The Secret of Susannah was not only an homage to (what we now know as) the Coffin Nail, the Cancer Stick, but in one beautiful Puccini-style aria, our eponymous heroine sings of “the gossamer mist rising in azure rings and circling into nothingness...”

And to end this comic opera with the two singers lighting up and congratulating themselves on both enjoying their tobacco. Well... that is hardly educational for our children and grandchildren.

This aside, The Secret of Susannah by the German/Venetian master Ermanno Wolf-Ferrari was a delicious jewel, unearthed, of course, by Leon Botstein. Amongst his manifold merits, Mr. Botstein is one of the great musical archeologists of New York, digging up shards of music which nobody else would touch. And while this is not always successful, last night’s 45-minute “intermezzo” achieved a real memorability.

Part is the music itself, for in the age of Mascagni, Leoncavallo and Puccini, composer Wolf-Ferrari could hold his own. Only two singers in the entire opera, but their various arias were melodious, dramatic and memorable. Yes, they clung fiercely to the zeitgeist of the fin de siècle (written around 1908), coming very close to Puccini originality. But they had a transparent touch as well.

Then there was the libretto–which I saw as a parody of operatic melodrama of the time. The story was simplicity itself. A husband believes his wife his cheating on him because he smells cigarette smoke in their apartment. She believes he is angry because of the cigarette itself. It was Abbott-and-Costello confusion–but with all the faux drama of Puccini. In fact, during an interrogation, I was reminded of the tragic inquisition of husband and wife of Puccini’s Il tabarro (instead of Il Tobacco!). It all ends happily enough.
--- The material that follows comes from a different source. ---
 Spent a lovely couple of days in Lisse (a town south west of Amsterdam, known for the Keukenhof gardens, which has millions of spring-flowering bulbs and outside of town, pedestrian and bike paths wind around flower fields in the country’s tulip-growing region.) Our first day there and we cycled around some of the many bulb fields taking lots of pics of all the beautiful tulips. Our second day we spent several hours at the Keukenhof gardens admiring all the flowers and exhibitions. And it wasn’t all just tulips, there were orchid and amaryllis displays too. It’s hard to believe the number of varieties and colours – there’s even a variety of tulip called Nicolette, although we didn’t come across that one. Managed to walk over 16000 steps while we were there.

Third were the performers. Michael Kelly’s picture is on top only in homage to St. Patrick’s Day. But his growling, melodramatic pushing and shoving and his love duets were exciting and sync with the times.
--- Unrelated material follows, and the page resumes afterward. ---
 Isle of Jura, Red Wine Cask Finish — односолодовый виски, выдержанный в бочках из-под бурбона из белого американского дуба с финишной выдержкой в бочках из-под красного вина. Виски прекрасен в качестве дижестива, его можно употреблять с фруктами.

J. Borg (© Courtesy of the Artist)

Yet Julianne Borg, starting with a light strained voice, quickly gained composure, and her “smoking aria” had an import worthy of heavier operas.
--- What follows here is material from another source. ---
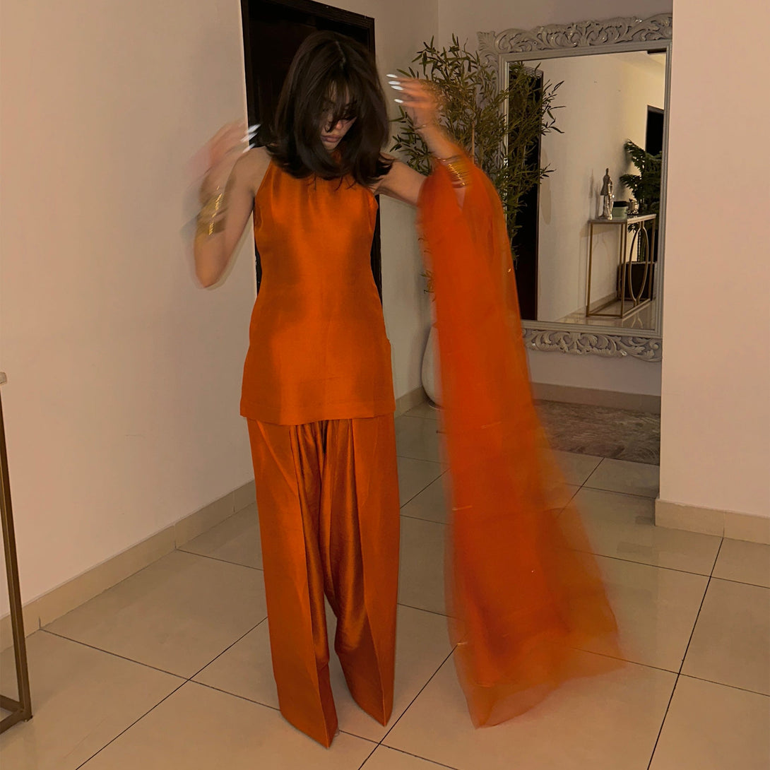 Turn heads in this radiant mustard ensemble, crafted from pure raw silk with a graceful farshi silhouette. The shirt and trousers flow effortlessly, combining structured elegance with luxurious texture. Finished with a light organza dupatta, this look brings refined sophistication with a playful twist—perfect for any special occasion or sunlit celebration.

Mr. Botstein is working with his The Orchestra Now, a corny name for the initials TON), his newest creation. They are a large group, they were perhaps rough around the edges for some of the opera, but the Wolf-Ferrari orchestration kept them floating.

The first half was devoted to a pair of other rarely-played works by another turn-of-the-century composer, Ottorino Respighi. True, his Church Windows was played by Charles Dutoit with the New York Phil some years ago, yet the TON group played this equally beautifully. And if I remember, the opening “Flight into Egypt” had last night a more exciting patina than the lugubrious Dutoit performance.

This, though, was customary Respighi. One either goes for the color and crescendos and over-vivid orchestration, or one is turned off. After all, Respighi achieved his painting through mentor Nicolai Rimsky-Korsakov, and the flute/clarinet solos in “St. Michael the Archangel” came directly from Scheherazade. I happen to love this stuff, just like I love the kitschiest orchestrations of Bach.

One sometimes needs the birthday-cake sprinkles on more solemn music.

And while Rossini opera is hardly solemn, Respighi, in the opening Rossiniana took a quartet of piano pieces from Rossini’s old age. In fact, unlike his Boutique fantasque, they are dark (though hardly Cimmerian) and sometimes almost meditative.

The playing by the whole TON ensemble and the various solos was top-rate, a fine opening for an always effulgent evening. Although three of the players gave their personal introductions to each work, I did miss the Botstein megillah on the music. We have other excellent music annotators, but Leon Botstein is the only one who puts music into the context of history, ideas, personalities and even the political events of the time.

That omission was slight, though. He had chosen music last night which hardly exhausted the brain-cells, but well energized the senses.